[Data excerpts]
-.-.-

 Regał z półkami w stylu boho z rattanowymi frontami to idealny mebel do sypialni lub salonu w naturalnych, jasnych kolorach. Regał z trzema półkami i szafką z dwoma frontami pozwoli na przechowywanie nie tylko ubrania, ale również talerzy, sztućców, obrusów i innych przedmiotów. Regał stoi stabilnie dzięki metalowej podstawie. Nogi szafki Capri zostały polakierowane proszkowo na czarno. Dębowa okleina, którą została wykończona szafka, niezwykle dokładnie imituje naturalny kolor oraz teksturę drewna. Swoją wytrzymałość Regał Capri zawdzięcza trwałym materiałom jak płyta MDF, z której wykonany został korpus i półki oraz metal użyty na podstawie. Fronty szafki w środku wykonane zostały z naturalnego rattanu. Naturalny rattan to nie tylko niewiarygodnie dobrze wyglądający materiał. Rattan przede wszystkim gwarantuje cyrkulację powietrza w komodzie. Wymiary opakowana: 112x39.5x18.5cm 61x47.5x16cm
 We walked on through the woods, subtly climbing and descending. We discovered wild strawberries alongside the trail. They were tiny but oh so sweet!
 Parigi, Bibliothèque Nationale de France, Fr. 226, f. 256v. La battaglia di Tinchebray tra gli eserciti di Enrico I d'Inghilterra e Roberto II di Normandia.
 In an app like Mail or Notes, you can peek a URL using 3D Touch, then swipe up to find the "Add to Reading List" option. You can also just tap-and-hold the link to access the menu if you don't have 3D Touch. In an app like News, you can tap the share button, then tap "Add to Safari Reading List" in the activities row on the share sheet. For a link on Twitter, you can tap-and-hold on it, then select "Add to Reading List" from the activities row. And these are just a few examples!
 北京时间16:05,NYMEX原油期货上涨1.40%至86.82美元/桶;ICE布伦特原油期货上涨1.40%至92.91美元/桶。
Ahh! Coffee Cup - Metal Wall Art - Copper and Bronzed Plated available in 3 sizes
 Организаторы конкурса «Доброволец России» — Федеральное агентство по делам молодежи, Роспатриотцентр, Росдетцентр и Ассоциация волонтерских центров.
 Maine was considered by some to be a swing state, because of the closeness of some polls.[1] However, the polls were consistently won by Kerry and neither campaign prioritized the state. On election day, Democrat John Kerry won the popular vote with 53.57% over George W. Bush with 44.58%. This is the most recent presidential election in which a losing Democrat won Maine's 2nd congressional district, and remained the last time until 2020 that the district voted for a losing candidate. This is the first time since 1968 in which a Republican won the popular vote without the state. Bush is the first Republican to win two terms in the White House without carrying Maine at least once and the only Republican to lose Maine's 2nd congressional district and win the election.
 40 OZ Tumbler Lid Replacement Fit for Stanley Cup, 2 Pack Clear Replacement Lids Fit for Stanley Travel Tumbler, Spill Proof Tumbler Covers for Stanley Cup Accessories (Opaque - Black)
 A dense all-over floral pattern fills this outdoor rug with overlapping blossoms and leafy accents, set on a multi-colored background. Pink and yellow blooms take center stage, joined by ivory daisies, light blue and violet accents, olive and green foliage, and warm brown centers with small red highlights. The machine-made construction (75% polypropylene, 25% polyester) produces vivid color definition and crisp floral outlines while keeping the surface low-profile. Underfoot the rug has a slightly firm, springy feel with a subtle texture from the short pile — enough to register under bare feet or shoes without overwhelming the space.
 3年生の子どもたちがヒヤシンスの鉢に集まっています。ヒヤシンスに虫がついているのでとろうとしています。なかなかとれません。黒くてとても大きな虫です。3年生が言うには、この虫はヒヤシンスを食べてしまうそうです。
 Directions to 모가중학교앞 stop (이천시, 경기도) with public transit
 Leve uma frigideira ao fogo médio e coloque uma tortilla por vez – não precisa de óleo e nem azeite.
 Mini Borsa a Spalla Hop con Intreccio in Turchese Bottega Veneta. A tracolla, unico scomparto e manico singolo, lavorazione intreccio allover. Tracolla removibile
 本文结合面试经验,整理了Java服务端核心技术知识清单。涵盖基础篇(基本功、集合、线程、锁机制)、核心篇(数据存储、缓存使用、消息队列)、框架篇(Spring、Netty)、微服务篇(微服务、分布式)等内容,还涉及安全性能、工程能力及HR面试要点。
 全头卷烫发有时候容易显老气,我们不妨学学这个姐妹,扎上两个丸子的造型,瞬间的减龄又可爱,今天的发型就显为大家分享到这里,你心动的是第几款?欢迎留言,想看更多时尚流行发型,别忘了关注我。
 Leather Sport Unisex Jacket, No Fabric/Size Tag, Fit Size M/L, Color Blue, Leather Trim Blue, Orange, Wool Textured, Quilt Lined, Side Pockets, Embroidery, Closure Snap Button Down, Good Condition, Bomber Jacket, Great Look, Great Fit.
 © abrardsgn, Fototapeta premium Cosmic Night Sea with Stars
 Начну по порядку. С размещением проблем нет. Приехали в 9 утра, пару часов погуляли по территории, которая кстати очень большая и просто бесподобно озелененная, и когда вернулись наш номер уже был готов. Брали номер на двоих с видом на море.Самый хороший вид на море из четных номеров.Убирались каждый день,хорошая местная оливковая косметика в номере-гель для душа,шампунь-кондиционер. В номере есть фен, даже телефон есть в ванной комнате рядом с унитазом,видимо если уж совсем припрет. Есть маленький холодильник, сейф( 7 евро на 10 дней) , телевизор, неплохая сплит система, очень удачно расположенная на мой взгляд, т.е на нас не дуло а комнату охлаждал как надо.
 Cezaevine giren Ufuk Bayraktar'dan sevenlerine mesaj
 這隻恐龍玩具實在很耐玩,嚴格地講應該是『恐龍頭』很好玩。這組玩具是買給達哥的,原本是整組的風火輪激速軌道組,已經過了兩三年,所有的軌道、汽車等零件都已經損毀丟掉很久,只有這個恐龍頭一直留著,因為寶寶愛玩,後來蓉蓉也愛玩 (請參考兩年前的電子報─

-.-.-

Note down each line above where the word "without" occurs.

 Maine was considered by some to be a swing state, because of the closeness of some polls.[1] However, the polls were consistently won by Kerry and neither campaign prioritized the state. On election day, Democrat John Kerry won the popular vote with 53.57% over George W. Bush with 44.58%. This is the most recent presidential election in which a losing Democrat won Maine's 2nd congressional district, and remained the last time until 2020 that the district voted for a losing candidate. This is the first time since 1968 in which a Republican won the popular vote without the state. Bush is the first Republican to win two terms in the White House without carrying Maine at least once and the only Republican to lose Maine's 2nd congressional district and win the election.
 A dense all-over floral pattern fills this outdoor rug with overlapping blossoms and leafy accents, set on a multi-colored background. Pink and yellow blooms take center stage, joined by ivory daisies, light blue and violet accents, olive and green foliage, and warm brown centers with small red highlights. The machine-made construction (75% polypropylene, 25% polyester) produces vivid color definition and crisp floral outlines while keeping the surface low-profile. Underfoot the rug has a slightly firm, springy feel with a subtle texture from the short pile — enough to register under bare feet or shoes without overwhelming the space.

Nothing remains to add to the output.